Written by Bob Kaplan and Suchitra Deo
In our previous article, we argued that AI success is not driven by better models, but by better data. The natural next question for leadership teams is: what does it actually take to operationalize that insight?
Recognizing that data matters is straightforward. Building the system to manage it at scale is where most organizations struggle.
Many companies have already invested heavily in data initiatives, yet the outcomes often fall short. The root cause is not a lack of effort, but a lack of an effective operating model. Ownership of data is often unclear or diffused across functions. Accountability exists in theory but is rarely enforced in practice. Data issues are addressed downstream, after they have already created friction, rather than being resolved at the source. Governance bodies convene, but decisions do not consistently translate into changes in workflows or systems.
As a result, organizations see incremental improvements, but not the performance gains required to support AI and advanced analytics at scale.
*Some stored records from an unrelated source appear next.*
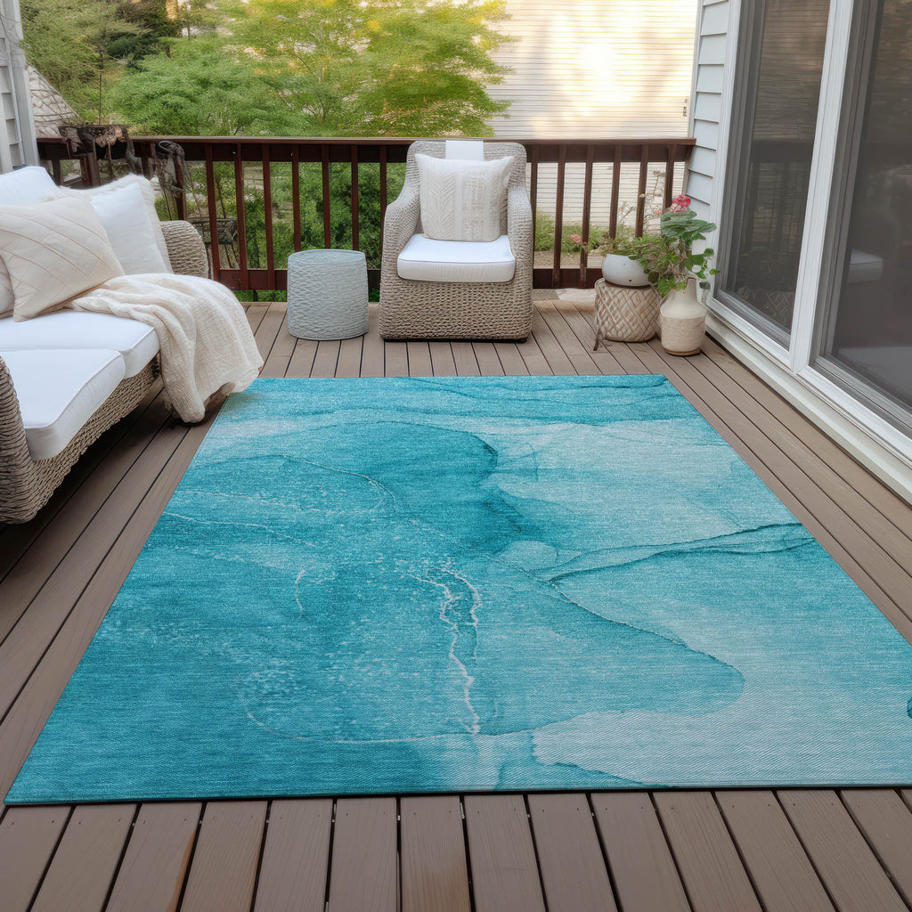 Treat your home to our transitional area rug, crafted with a blend of soft watercolors for a tonal modern design that enchants and calms. Ideal for indoor or outdoor use, this UV-stabilized rug boasts an ultra-thin construction with a non-skid backing, thus eliminating the need for an additional rug pad. It's machine-washable, family, and pet-friendly, making it the perfect fit for your home.
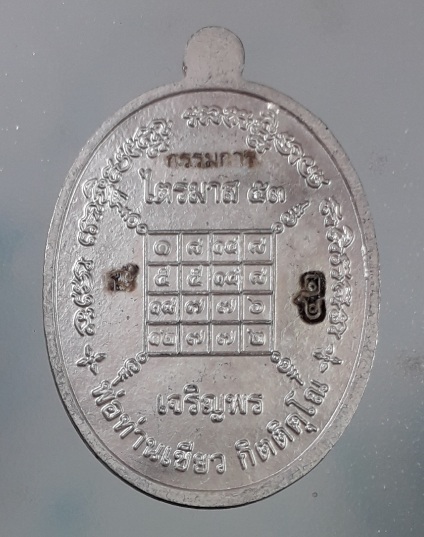 เหรียญมหาจตุรทิศ ไตรมาสเจริญพร ๕๓ พ่อท่านเขียว วัดห้วยเงาะ จ.ปัตตานี ปี2553 เนื้อเงินลงยาสีดำ มีโค๊ดหน้า-หลัง หมายเลข#๔๒ แยกจากชุดกรรมการ พร้อมกล่องกำมะหยี่เดิม
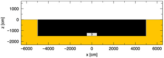 The geometry was a hemisphere recreating a mini moon with a radius of 150 m and a lunar base with a dimension of 10 × 10 × 3 m. Due to computational limitations, the radius of the simulated mini moon was set at 150 m. However, this size was sufficiently large to ensure that all GCRs were in an effective range on the surface. The base was covered with 1 cm thick aluminum as a shielding material against GCRs. The lunar regolith composition implemented in the simulation is presented in Table 1 and is the default composition used in NASA’s online radiation transport tool OLTARIS [20]. Five scenarios on the lunar surface were conducted: (1) a base on the lunar surface; (2) a base set in the middle of a shallow (5 m) crater with a radius of 50 m; (3) a base set in the middle of a deep crater (15 m), also with a 50 m radius; (4) a base near the edge of the crater at a shallow depth; and (5) a base near the edge of the crater at a deep depth. An example of the geometry used is shown in Figure 1. The goal of these simulations was to understand the effect of different lunar base placements of for future exploration missions.

Making governance operational
Effective data governance is often misunderstood as a set of policies or committees. In reality, it is a system of decision rights and accountability that must function day-to-day within the business.
Business ownership:
The business (not just IT) must define what matters. This includes establishing standard definitions for critical data such as customers, products, and revenue, determining how that data should be used in decision-making, and setting expectations for quality and consistency. Without this, different parts of the organization will continue to operate on competing versions of the truth.
Data stewardship:
This is the operational layer that ensures standards are applied in practice. Stewards resolve inconsistencies, manage exceptions, and validate updates as data moves through systems. Importantly, this work happens in real time, embedded in workflows, not as a periodic cleanup exercise.
Central governance layer:
This function ensures consistency across business units, resolves conflicts when definitions or priorities diverge, and focuses data efforts on areas that drive the most value. Without this coordinating mechanism, organizations tend to drift back into fragmentation as they grow.
When these 3 elements work together, governance moves from being a passive oversight function to an active operating capability.
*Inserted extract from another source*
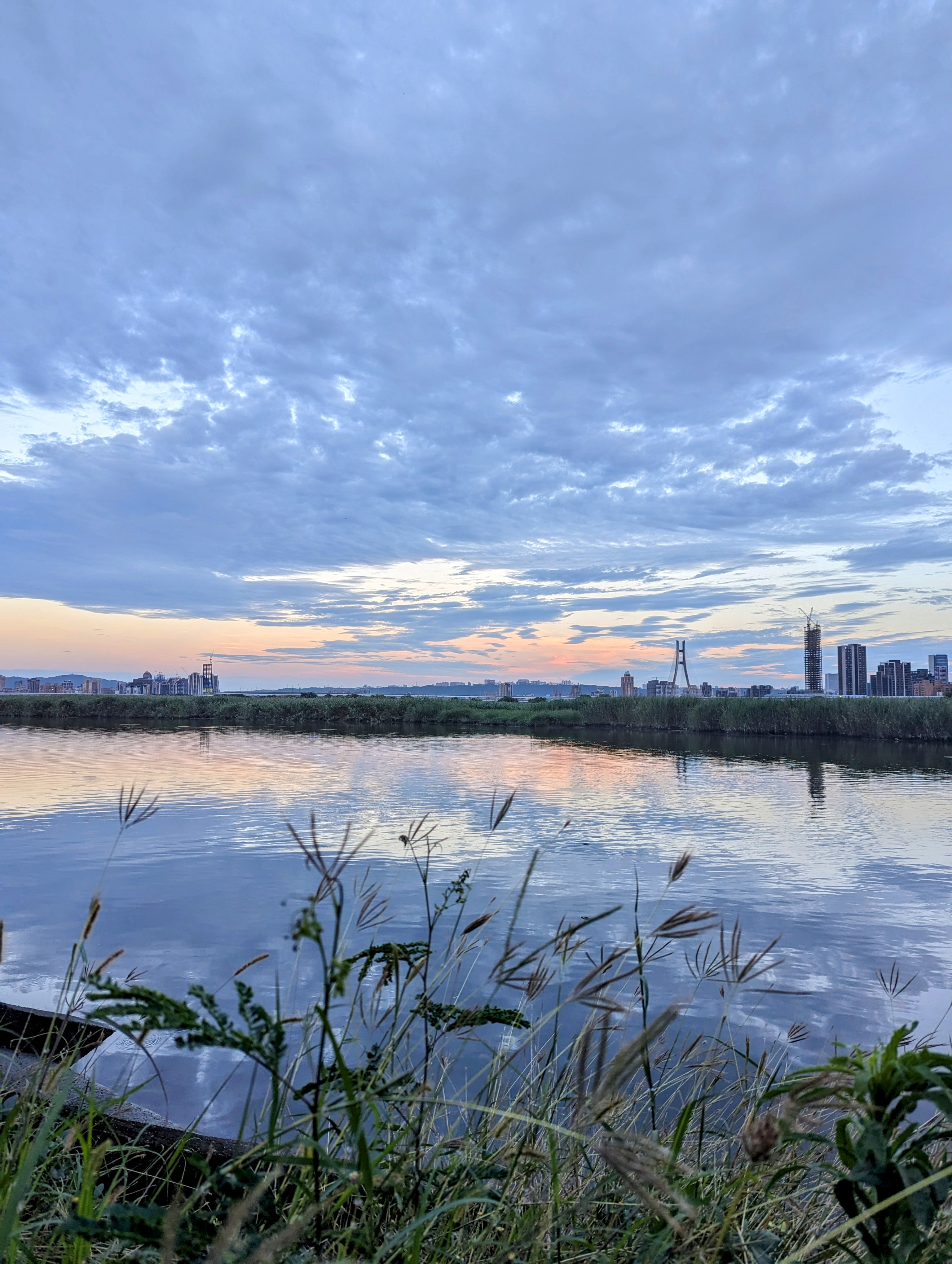 The sky whispers pink and soft blue.

Master data management: turning governance into reality
While governance defines expectations, it does not change the data itself; that is the role of master data management (MDM). At its core, it establishes a single, authoritative version of key business entities (customers, products, accounts) across the organization. In most companies, these entities are duplicated and inconsistent across systems, from CRM and billing platforms to operational and analytics tools.
MDM addresses this fragmentation by creating a “golden record,” a unified version of each entity that is continuously reconciled across sources. It applies defined business rules to determine how conflicts are resolved, which data sources are authoritative, and how updates are validated. Critically, it does this upstream, preventing issues from propagating rather than fixing them after the fact.
A well-implemented MDM capability acts as a control layer across enterprise systems. It unifies fragmented data, eliminates duplication through automated matching and merging, and synchronizes clean, consistent data back into operational platforms so that every team is working from the same information.
The impact is immediate and tangible. Teams no longer spend time debating which system is correct. Sales, operations, and finance align around a shared view of the business. Systems like Salesforce and analytics platforms begin to deliver their full value because they are no longer constrained by inconsistent inputs.
Why this matters for business leaders
MDM is not just a technical initiative, it is a core business capability with direct impact on performance.
When data is not governed and unified, the consequences are visible across the organization. Commercial teams operate on incomplete or conflicting customer information. Employees lose time to manual reconciliation and rework. Compliance and reporting processes become more complex and costly. Technology investments, from CRM to AI, fail to deliver their expected return because they are built on unreliable inputs.
When governance and MDM are implemented effectively, the impact is structural. Teams operate with a consistent, trusted view of the business. Decision-making accelerates because validation cycles are reduced. Systems function as intended, enabling rather than constraining performance. Most importantly, AI initiatives can scale with confidence, because their outputs are grounded in reliable data.
This is not a marginal improvement – it is a shift in the organization’s ability to execute.
Building the foundation for execution
At HighPoint Associates, we work with leadership teams to move beyond data strategy and into execution. We help organizations establish clear ownership and governance structures, design and implement MDM capabilities aligned to business priorities, and embed data management into core workflows and systems.
This is ultimately an operating model shift. Organizations that get it right reduce time spent reconciling information, increase alignment across teams, and perhaps most importantly, unlock the full value of their technology and AI investments.
Because in the AI era, competitive advantage will not come from recognizing the importance of data. It will come from the ability to operationalize it – consistently, at scale, and in a way that drives real business outcomes.